Prima especial de servicios El Congreso de la República emitió la Ley 4 de 1992 “[m]ediante la cual se señalan las normas, objetivos y criterios que debe observar el Gobierno Nacional para la fijación del régimen salarial y prestacional de los empleados públicos, de los miembros del Congreso Nacional y de la Fuerza Pública y para la fijación de las prestaciones sociales de los Trabajadores Oficiales y se dictan otras disposiciones, de conformidad con lo establecido en el artículo 150, numeral 19, literales e) y f) de la Constitución Política”.

En su artículo 14, indicó: “ARTÍCULO 14. El Gobierno Nacional establecerá una prima no inferior al 30% ni superior al 60% del salario básico, sin carácter salarial para los Magistrados de todo orden de los Tribunales Superiores de Distrito Judicial y Contencioso Administrativo, Agentes del Ministerio Público delegados ante la Rama Judicial y para los Jueces de la República, incluidos los Magistrados y Fiscales del Tribunal Superior Militar, Auditores de Guerra y Jueces de Instrucción Penal Militar, excepto los que opten por la escala de salarios de la Fiscalía General de la Nación, con efectos a partir del primero (1o.) de enero de 1993.

Igualmente tendrán derecho a la prima de que trata el presente artículo, los delegados departamentales del Registrador Nacional del Estado Civil, los Registradores del Distrito Capital y los niveles Directivo y Asesor de la Registraduría Nacional del Estado Civil.

PARÁGRAFO. Dentro del mismo término revisará el sistema de remuneración de funcionarios y empleados de la Rama Judicial sobre la base de la nivelación o reclasificación atendiendo criterios de equidad”. Al respecto, la Corte Constitucional emitió la sentencia C-279 de 1996, en la que declaró la exequibilidad de, entre otras frases, “sin carácter salarial”, del artículo 14 de la Ley 4 de 1992.

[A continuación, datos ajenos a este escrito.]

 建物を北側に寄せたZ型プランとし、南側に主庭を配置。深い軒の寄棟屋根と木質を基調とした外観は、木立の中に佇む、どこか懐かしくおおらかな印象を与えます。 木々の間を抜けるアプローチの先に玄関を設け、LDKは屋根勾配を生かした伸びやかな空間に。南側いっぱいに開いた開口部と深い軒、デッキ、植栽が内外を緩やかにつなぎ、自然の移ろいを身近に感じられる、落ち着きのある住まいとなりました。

En virtud del artículo 14 ibidem, el Gobierno Nacional emitió el Decreto 57 de 1993, mediante el cual dictó “[…] normas sobre el régimen salarial y prestacional para los servidores públicos de la rama judicial y de la justicia penal militar y se dictan otras disposiciones”. En su artículo 6, definió: “En cumplimiento de lo dispuesto en al artículo 14 de la Ley 4a. de 1992, se considerará como Prima, sin carácter salarial, el treinta por ciento (30%) del salario básico mensual de los Magistrados de todo orden de los Tribunales Superiores de Distrito Judicial y Contencioso Administrativo, de los Jueces de la República, de los Magistrados y Fiscales del Tribunal Superior Militar, los Auditores de Guerra y Jueces de Instrucción Penal Militar”.

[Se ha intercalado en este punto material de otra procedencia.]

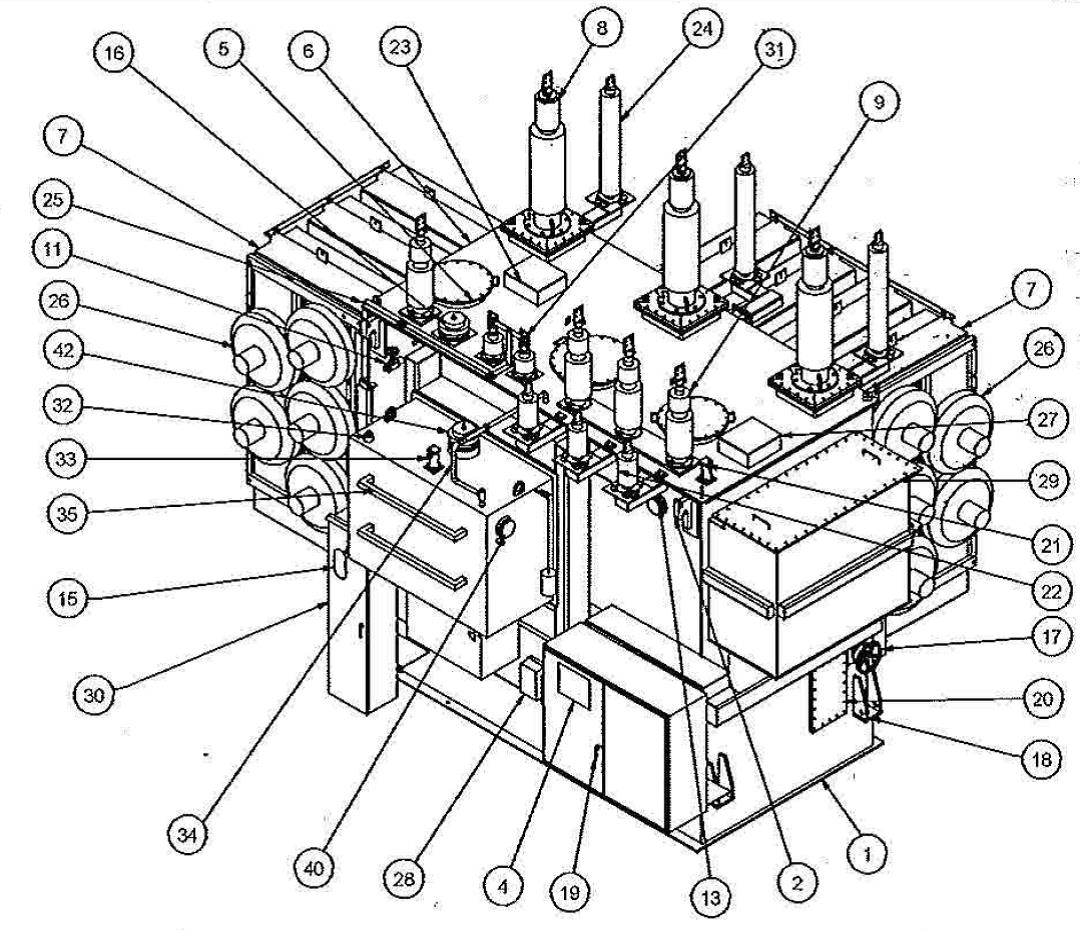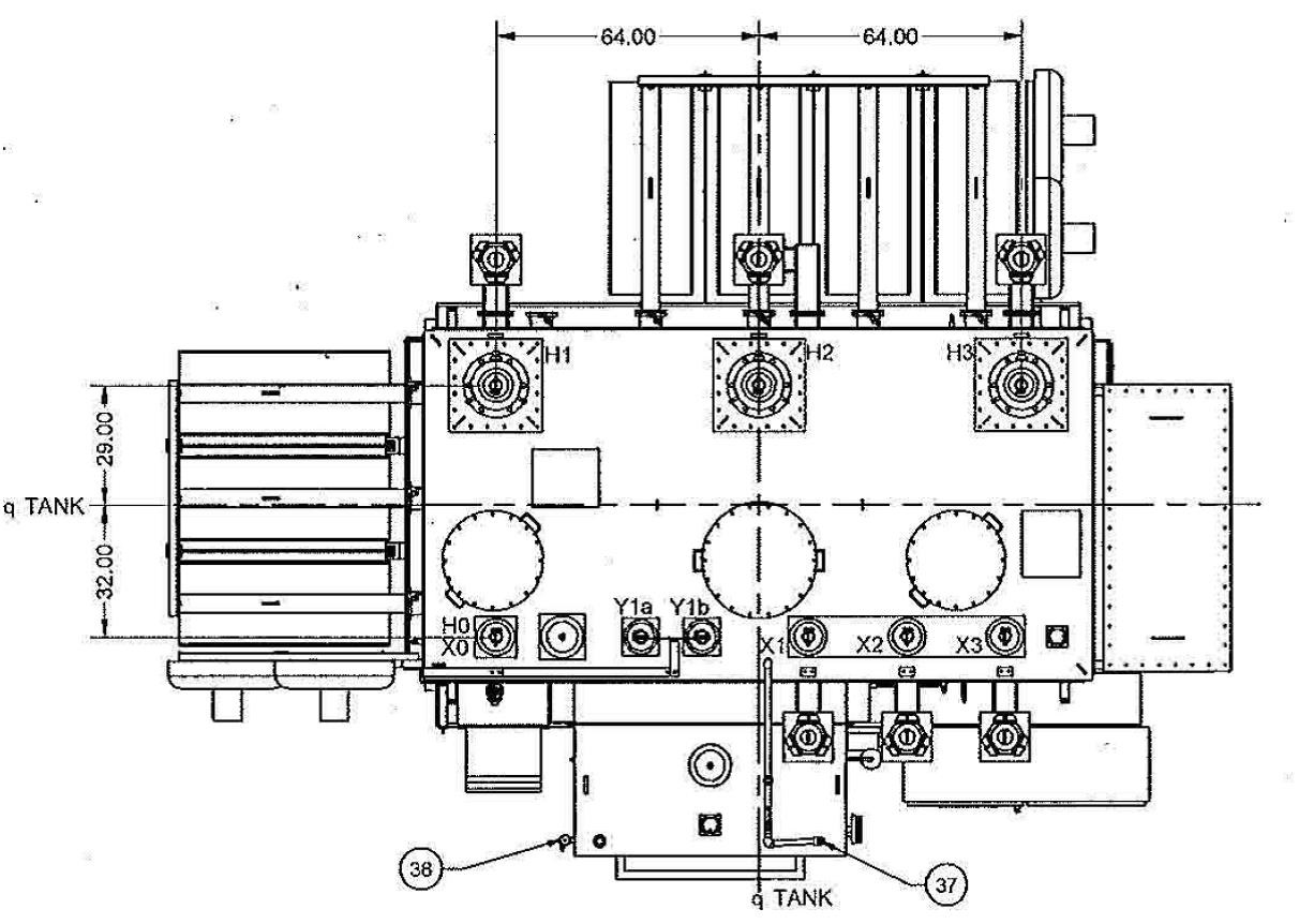Load Tap Changing - 33 steps ranging from 30,964 thru 38,041 Volts

La referida disposición fue reproducida en iguales términos, entre otras normas, en los Decretos 44 de 1999, 2740 de 2000, 2720 de 2001, 673 de 2002, 3569 de 2003, 4172 de 2004, 936 de 2005, 389 de 2006, 618 de 2007, 658 de 2008, 723 de 2009, 1388 de 2010 y 1039 de 2011. En consecuencia, para el caso específico, la Dirección Ejecutiva de Administración Judicial liquidó la remuneración de los jueces, de la siguiente manera: i) del 100% de la asignación mensual, tomó el 30% y le otorgó la condición de prima especial de servicios, sin carácter salarial; y, ii) el restante 70% lo dejó como salario.

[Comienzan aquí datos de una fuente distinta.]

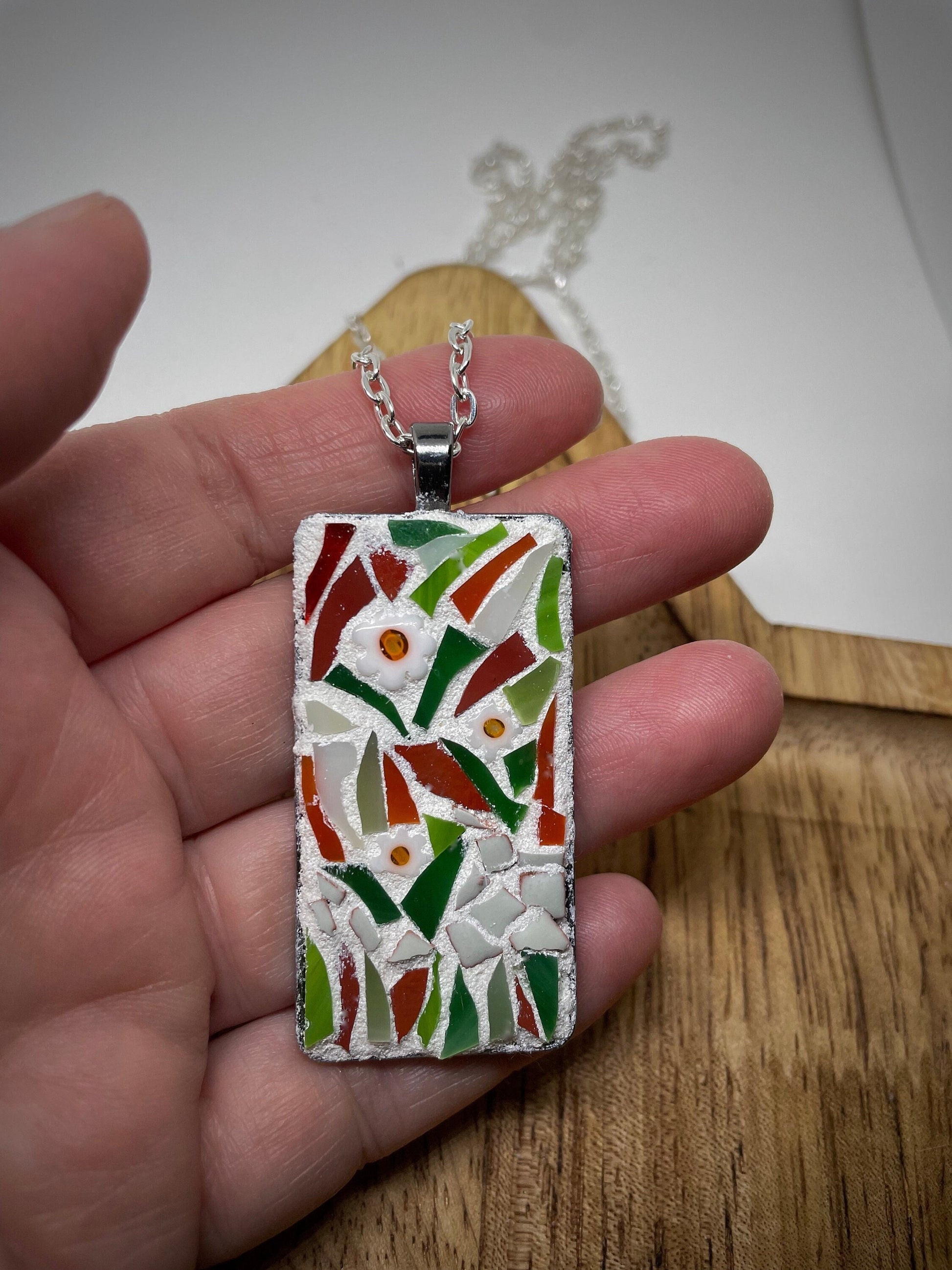 My handmade flower garden - one-of-a-kind micro mosaic necklace with handcut tile and glass
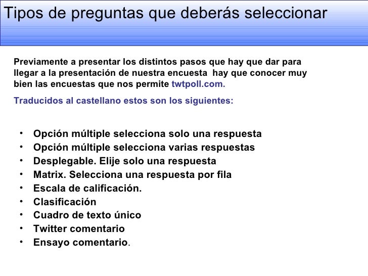¿está creando una encuesta, sondeo u otro tipo de formulario? Mediante la encuesta se obtienen datos de interés sociológico interrogando a los miembros de un colectivo o de una población. iniciar un nuevo cuestionario. Easypromos te ofrece una plataforma flexible, robusta y 100 la aplicación ha sido diseñada para que los cuestionarios funcionen en todos los tipos de accede al editor de cuestionarios para añadir tantas preguntas como necesites, definir el mejor layout para.
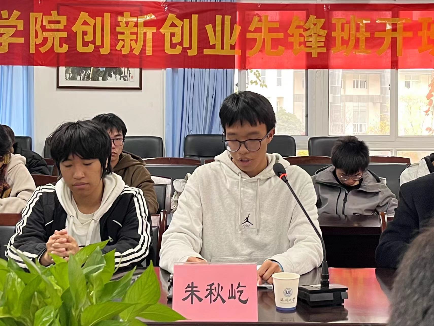 朱秋屹作为学生代表发言。他代表全体学生感谢学院搭建的学习交流平台,并表示同学们将以此为契机,认真学习,积极实践,丰富自身积累,提高创业素养。

Estas normas fueron objeto de controversia judicial bajo distintas formas de pretensiones y ocasionaron distintos pronunciamientos judiciales. En particular, cabe destacar, por un lado, que la Sala de Conjueces de la Sección Segunda del Consejo de Estado emitió sentencia del 29 de abril de 2014, en la que declaró la nulidad de las normas que definieron la prima especial de servicios en los términos del Decreto 57 de 1993, por las siguientes razones: “De acuerdo con los criterios establecidos en la ley marco, esto es la Ley 4ª de 1992, es claro que el Gobierno Nacional contravino los criterios fijados por el legislador con la expedición de los decretos demandados, pues como se pudo observar, el literal a) del artículo 2º de la mencionada Ley estableció que de ninguna manera se podían desmejorar los salarios y prestaciones sociales.

Sin embargo, los decretos demandados interpretaron erróneamente y aplicaron indebidamente la Ley 4ª de 1992 al haber mermado el salario de un grupo de servidores públicos, razón suficiente para determinar que son contrarios a la Constitución y la Ley, así como para declarar su nulidad”. Por otro lado, que debido a la disparidad de criterios dentro de la jurisdicción, la misma Sala de Conjueces dictó sentencia de unificación, el 2 de septiembre de 2019, formuló como problema jurídico determinar “si es procedente la reliquidación de la prima especial consagrada en el artículo 14 de la Ley 4 de 1992, como una adición al salario de los servidores beneficiarios de dicha prima, como viene establecido en los Decretos expedidos por el Gobierno Nacional, o si por el contrario se considera allí incluida, así como cuál es su repercusión frente a la liquidación de las prestaciones· sociales y del salario”, y estableció las siguientes reglas concernientes al presente asunto: “1.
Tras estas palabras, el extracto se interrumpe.